Run the VM using qemu-system-x86_64:
qemu-system-x86_64 \
-s \
-enable-kvm \
-m 2G \
-cpu qemu64 \
-smp 2 \
-drive file=~/rootfs.img \
-net user,host=10.0.2.10,hostfwd=tcp:127.0.0.1:10021-:22 \
-net nic,model=e1000 \
-nographic \
-no-reboot \
-kernel ~/linux/arch/x86/boot/bzImage \
-append "console=ttyS0 earlyprintk=serial net.ifnames=0 root=/dev/sda" \
-pidfile vm.pid \
2>&1 | tee vm.log
Transfer built files via ssh:
scp -r -P 10021 kernel-hack-drill user@localhost:/home/user/.
Install the module with insmod:
user@hostname ~> sudo insmod drill_mod.ko
[sudo] password for user:
[ 23.925524] drill_mod: loading out-of-tree module taints kernel.
[ 23.928631] drill: start hacking
user@hostname ~>
Run the tests:
./drill_test
Ensure you see these three lines in the output:
[+] drill_act is opened
[...]
[+] looks like normal functionality in drill.ko works fine
[...]
[+] looks like error handling in drill.ko works fine
Done!

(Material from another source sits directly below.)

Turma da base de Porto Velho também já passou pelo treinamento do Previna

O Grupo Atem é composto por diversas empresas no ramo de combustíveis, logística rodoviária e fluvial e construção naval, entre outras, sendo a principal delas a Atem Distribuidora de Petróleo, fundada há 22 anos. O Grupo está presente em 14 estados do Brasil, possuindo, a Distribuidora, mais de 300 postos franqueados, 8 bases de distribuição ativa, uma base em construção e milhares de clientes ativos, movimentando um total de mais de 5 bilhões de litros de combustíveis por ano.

Now you can try the PoC-exploits for the vulnerabilities in drill_mod.ko.
One day, you might encounter an error like this:
user@hostname ~> sudo insmod drill.ko
insmod: ERROR: could not insert module drill.ko: Invalid module format
user@hostname ~ [1]>
In that case, make sure that:
- After fetching a new kernel with
gityou have rebuilt your module. - Your kernel path has not changed and the
KPATHenvironment variable contains the correct path.

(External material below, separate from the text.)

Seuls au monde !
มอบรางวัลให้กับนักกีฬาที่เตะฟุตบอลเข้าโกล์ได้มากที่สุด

First of all, check which kernel hardening mechanisms may disturb the attack.
Each PoC-exploit in kernel-hack-drill provides this information in the top comment.
For example, a basic ret2usr attack with naive heap spraying requires the following:
* 1) Compile the Linux kernel without:
* - CONFIG_SLAB_BUCKETS
* - CONFIG_RANDOM_KMALLOC_CACHES
*
* 2) Disable mitigations:
* - run qemu with "-cpu qemu64,-smep,-smap".
* - run the kernel with "pti=off nokaslr".